RATIONALE: Drugs used in chemotherapy, such as docetaxel, doxorubicin , cyclophosphamide,
paclitaxel, and gemcitabine work in different ways to stop tumor cells from dividing so they
stop growing or die. Giving combination chemotherapy after surgery may kill any remaining
tumor cells.

PURPOSE: This randomized phase III trial is studying three different combination chemotherapy
regimens and comparing how well they work in treating women who have undergone surgery for
node-positive breast cancer.

OBJECTIVES:

Primary

- Compare disease-free survival in women with node-positive breast cancer treated with 3
different adjuvant chemotherapy regimens comprising dose-dense doxorubicin,
cyclophosphamide, paclitaxel, and gemcitabine vs docetaxel, doxorubicin, and
cyclophosphamide vs dose-dense doxorubicin, cyclophosphamide, and paclitaxel.

Secondary

- Compare overall survival, recurrence-free interval, and distant recurrence-free
interval, in patients treated with these regimens.

- Compare the toxic effects of these regimens in these patients.

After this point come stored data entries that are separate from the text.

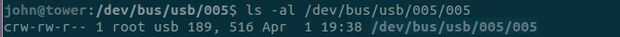 Desconecte y vuelva a conectar cable USB del dispositivo. Verifique que los privilegios cambiaron (podría haber conseguido un nuevo dispositivo # cuando se conecta a). ¡ Felicidades!!!!!! Ahora no necesita 'sudo' para ejecutar el programa!!!
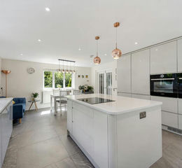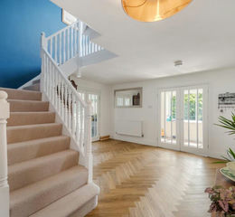 Upon entering the home, a welcoming entrance vestibule opens into a spacious hallway, elegantly finished with herringbone flooring that continues throughout much of the ground floor, lending a sense of cohesion and warmth. To the right of the hallway lies a generous breakfast kitchen, thoughtfully designed with an extensive range of floor-standing and full-height units topped with luxurious quartz work surfaces, which are also featured on the central island. The kitchen is well-equipped with a suite of integrated BOSCH appliances, including a double oven and induction hob, and provides ample space for a large family dining table. An adjoining conservatory, overlooking the rear garden and neighbouring fields, enhances the kitchen’s connection with the outdoors and floods the space with natural light.
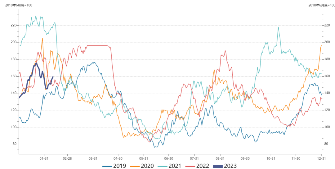 食品中除猪肉外,多数商品价格均有所回升带动整体CPI。受春节等季节性因素影响,需求端大幅回暖,同时疫情对交通运输的影响仍未褪去,加之基数因素,鲜菜、鲜菌、鲜果、薯类和水产品价格分别上涨19.6%、13.8%、9.2%、6.4%和5.5%,涨幅比上月均有扩大,支撑本月食品价格。此外,从寿光蔬菜价格指数也可看到,蔬菜价格在春节释放需求下,迅速上涨。接下来,随着传统食品消费旺季即将到来,加之疫情过峰后居民物流改善,总体需求也将有所好转,鲜菜价格在短期内料延续上涨趋势。
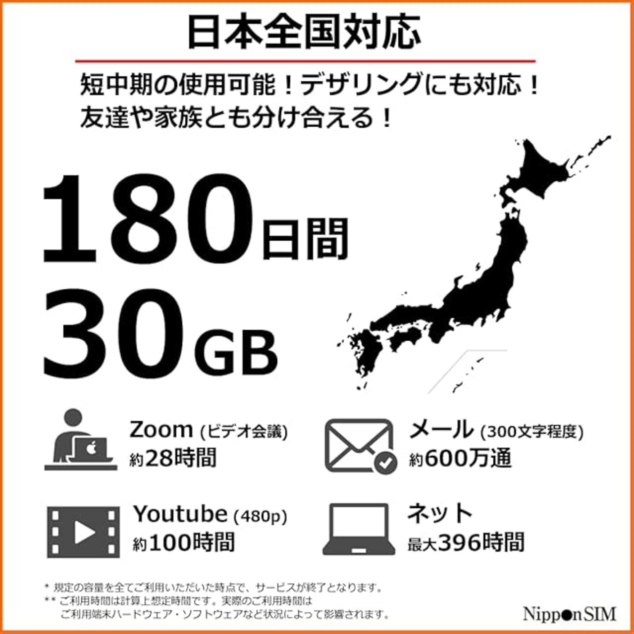 プリペイドsim 日本 simカード 180日間 30GB sim ドコモ通信網 docomo データ通信専用 4G LTE 3in1 (標準/マイクロ/ナノ) simフリー 端末のみ対応 多言語マニュアル付【Nippon SIM for Japan】
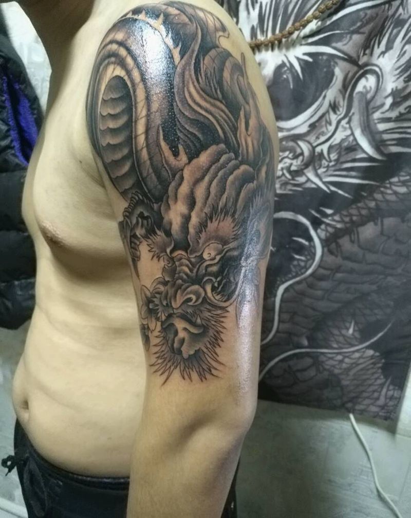 • T网红王老大花腿龙纹身图片_腿部新传统纹身图案
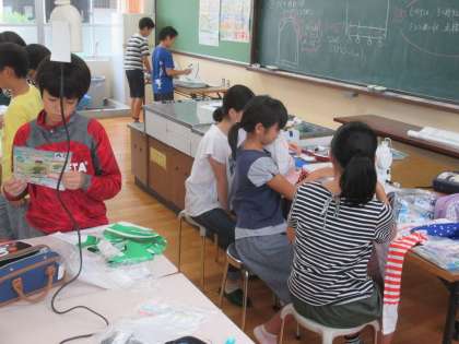 地域ボランティアの方々にも,ミシンの使い方を手伝ってもらいました。

OUTLINE: This is a randomized, multicenter study. Patients are stratified according to number
of positive lymph nodes (1-3 vs 4-9 vs ≥ 10), hormone receptor status (estrogen receptor
[ER]- and progesterone receptor [PgR]- negative vs ER- and/or PgR-positive), type of prior
surgery and planned radiotherapy (lumpectomy and local radiotherapy [RT] without regional RT
vs lumpectomy and local RT with regional RT vs mastectomy without RT vs mastectomy with local
or regional RT). Patients are randomized to 1 of 3 treatment arms.

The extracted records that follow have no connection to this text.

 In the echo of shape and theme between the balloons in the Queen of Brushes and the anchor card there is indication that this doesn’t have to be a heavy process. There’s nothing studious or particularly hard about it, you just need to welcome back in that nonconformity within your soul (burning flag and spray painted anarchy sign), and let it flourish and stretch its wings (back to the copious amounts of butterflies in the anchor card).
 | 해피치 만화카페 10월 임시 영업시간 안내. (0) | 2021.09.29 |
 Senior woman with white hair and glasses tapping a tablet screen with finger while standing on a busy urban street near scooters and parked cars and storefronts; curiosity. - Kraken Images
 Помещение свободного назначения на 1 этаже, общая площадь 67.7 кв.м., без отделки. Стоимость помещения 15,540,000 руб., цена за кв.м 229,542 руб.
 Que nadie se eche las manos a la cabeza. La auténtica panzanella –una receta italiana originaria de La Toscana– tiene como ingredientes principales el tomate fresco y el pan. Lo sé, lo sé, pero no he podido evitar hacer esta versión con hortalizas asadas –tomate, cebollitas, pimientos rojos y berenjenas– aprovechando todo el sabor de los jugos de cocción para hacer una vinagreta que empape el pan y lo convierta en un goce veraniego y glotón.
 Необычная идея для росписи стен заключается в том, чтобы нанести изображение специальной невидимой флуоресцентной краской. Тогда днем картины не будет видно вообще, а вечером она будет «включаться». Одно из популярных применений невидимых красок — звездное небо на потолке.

- Group 1: Patients receive doxorubicin IV over 15 minutes, cyclophosphamide IV over 30
minutes, and docetaxel IV over 1 hour on day 1. Treatment repeats every 21 days for 6
courses.

- Group 2: Patients receive AC chemotherapy comprising doxorubicin IV over 15 minutes and
cyclophosphamide IV over 30 minutes on day 1. Treatment repeats every 14 days for 4
courses. Beginning 14 days after the last dose of AC, patients receive paclitaxel IV
over 3 hours on day 1. Treatment repeats every 14 days for 4 courses.

- Group 3: Patients receive AC chemotherapy as in Group 2. Beginning 14 days after the
last dose of AC, patients receive paclitaxel as in Group 2 and gemcitabine IV over 30-60
minutes on day 1. Treatment repeats every 14 days for 4 courses.

In all arms, treatment continues in the absence of disease progression or unacceptable
toxicity.

Beginning 3-12 weeks after the last dose of chemotherapy, patients with ER-positive and/or
PgR-positive tumors receive hormonal therapy.

Beginning no sooner than 3 weeks after the last dose of chemotherapy, patients treated with
lumpectomy undergo whole-breast radiotherapy. Patients treated with mastectomy may undergo
chest wall and/or regional nodal radiotherapy.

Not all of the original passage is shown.